Around the same time, Nat Strong, a white businessmen, started using his ownership of baseball fields in the New York City area to become the leading promoter of blackball on the East coast. Just about any game played in New York, Strong would get a cut. Strong eventually used his leverage to almost put the Brooklyn Royal Giants out of business, and then he bought the club and turned it into a barnstorming team.

When Foster joined the Leland Giants, he demanded that he be put in charge of not only the on-field activities, but the bookings as well. Foster immediately turned the Giants into the team to beat. He indoctrinated them to take the extra base, to play hit and run on nearly every pitch, and to rattle the opposing pitcher by taking them deep into the count. He studied the mechanics of his pitchers and could spot the smallest flaw, turning his average pitchers into learned craftsmen. Foster also was able to turn around the business end of the team as well, by demanding and getting 40 percent of the gate instead of the 10 percent that Frank Leland was getting.

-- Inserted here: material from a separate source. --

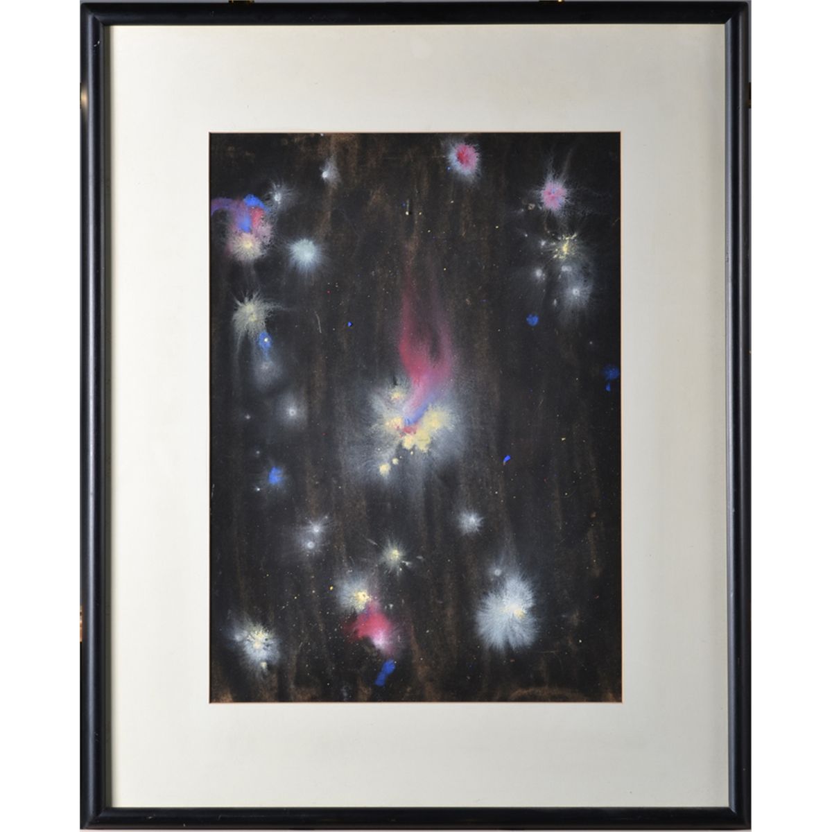Depicting what appears to be a fireworks exploding in the sky scene. 21.25" H x 15.75" W, sight, 31.5" H x 25.5" W, framed. Circa 20th century. Provenance: Private collection of the late Benedict Markowski, whom is also the artist, and a long time archivist of the Detroit Public Library.

By the end of the 1909, Foster demanded that Leland step back from all baseball operations or he (Foster) would leave. When Leland would not give up complete control, Foster quit, and in a heated court battle, got to keep the rights to the Leland Giants’ name. Leland took the players and started a new team named the Chicago Giants, while Foster took the Leland Giants and started to encroach on Nat Strong’s territory.

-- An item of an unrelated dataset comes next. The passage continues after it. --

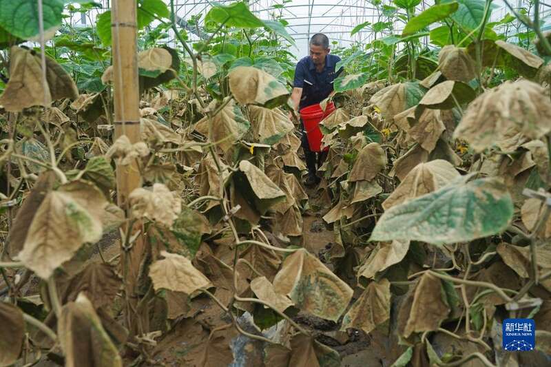 6月17日,在江西省龙南市桃江乡水西坝村的蔬菜大棚里,村民在查看被洪水淹过的黄瓜。

As early as 1910, Foster started talking about reviving the concept of an all-black league. The one thing he was insistent upon was that black teams should be owned by black men. This put him in direct competition with Strong. After 1912, Foster renamed his team the Chicago American Giants to appeal to a larger fan base. During the same year, J. L. Wilkinson started the All Nations traveling team. The All Nations team would eventually become one of the best-known and popular teams of the Negro leagues, the Kansas City Monarchs.

On April 6, 1917, the United States entered World War I. Manpower needed by the defense plants and industry accelerated the migration of blacks from the South to the North. This meant a larger and more affluent fan base with more money to spend. By the end of the war in 1919, Foster was again ready to start a Negro baseball league.

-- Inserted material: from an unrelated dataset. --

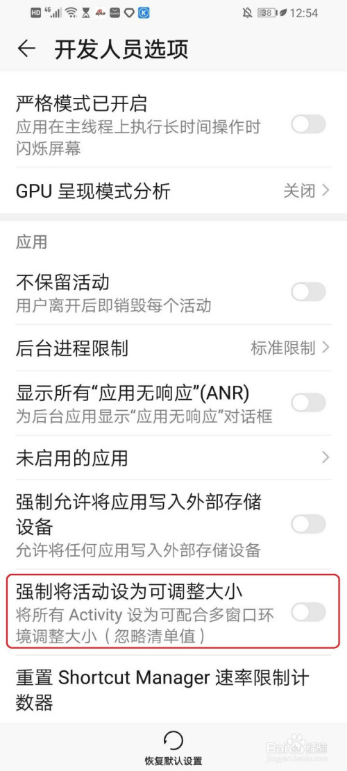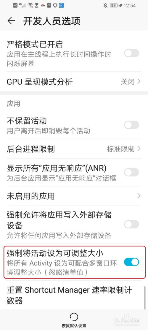 下滑页面到最底端,点击“强制将活动设为可调整大小”右侧的开关。

On February 13 and 14, 1920, talks were held in Kansas City, Missouri that established the Negro National League and its governing body the National Association of Colored Professional Base Ball Clubs.   The league was initially composed of eight teams: Chicago American GiantsChicago Giants, Cuban Stars, Dayton MarcosDetroit StarsIndianapolis ABC’sKansas City Monarchs and St. Louis Giants. Foster was named league president and controlled every aspect of the league, including which players played on which teams, when and where teams played, and what equipment was used (all of which had to be purchased from Foster).   Foster, as booking agent of the league, took a five percent cut of all gate receipts.